I'm sorry that you are stuggling with both the break up, and more importantly with the eating disorder. Are you sure that you aren't pushing Match away because you know he is support for the eating disorder, and the ED doesn't want support? Why do you think that he will find you more attractive at a lower weight?

That song spoke to me also when I heard it.

I'm suffering from "tomorrow syndrome" also right now. I hope that we can both get our heads back into recovery. Sending good thoughts your way. Take care:)

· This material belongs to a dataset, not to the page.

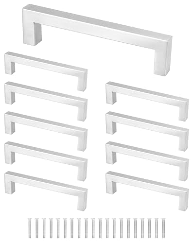 QWORK 10 Pièces Poignées de Meuble Cuisine Argent, Acier Ino...

Sarah at Journeying With Him said...

I agree with Kim--don't be hard on yourself if it's confusing right now. If he is patient enough to wait while you figure it out, then let him. I also wonder if your recovery lapse is making you more apathetic/anxious than usual. In the worst of my ED and even when I struggled with recovery I pushed D away because I didn't want to be loved. I wonder if you are (even subconsciously) dong this, yet at the same time it is important to listen to instinct. I guess what I'm trying to say is that it's okay to be ambiguous about relationships, even if they ARE the "right" relationship. I'm sorry it's so confusing! In the meantime, take care of yourself so you can think clearly!

Lisa said...

Don't beat yourself up. We are all human and can't be perfect. Relationship issues are tricky in any situation...especially when freaking ED has snuck his way into it as well...

you will figure it out and things will get better. be careful.

I suffer from the tomorrow syndrome weekend bc my treatment program is during the week...sigh. so, know you're not alone. we can do this.

stay strong! <3

Protein Girl said...

Hey Sweetie!
Do what's right for you! It seems that maybe it's your fear talking? Are you afraid that someone (Match) knows you SO well- and accepts you as you are, that it freaks you out. Maybe ED hates that and is making you want to run? ED makes you believe it's only you and ED. The second you have a chance at a happy life: self acceptance and a life without him (ED), this fear of losing ED wells up and ED fights that much harder to win you back.

On the other hand- you're still young and only you can truly know if it's time to end it. I was in a similar situation MANY times, and I have also looked back with regret many times. I knew that it was my fear- the "what if", fear of rejection/acceptance, of losing control- that truly led me to make the decisions I made, regardless of if the decisions were ultimately right for me, or not.

If ED feels threatened, and if something scares you and makes you have to face yourself- it can be good for you. If it's truly time to move on.... well, have a fun last hoorah!!!
I support you no matter what!
XOXO
Barbara

ps- after reading this, I also would like to add that maybe it's time to truly end it with ED!!! Sorry for the HORRIBLE sentence structure. 2 hours of sleep, and apparently I've regressed to grade 4!

Anonymous said...

If he's an educated man, how could he possibly find an emaciated body more attractive than a slim healthy one??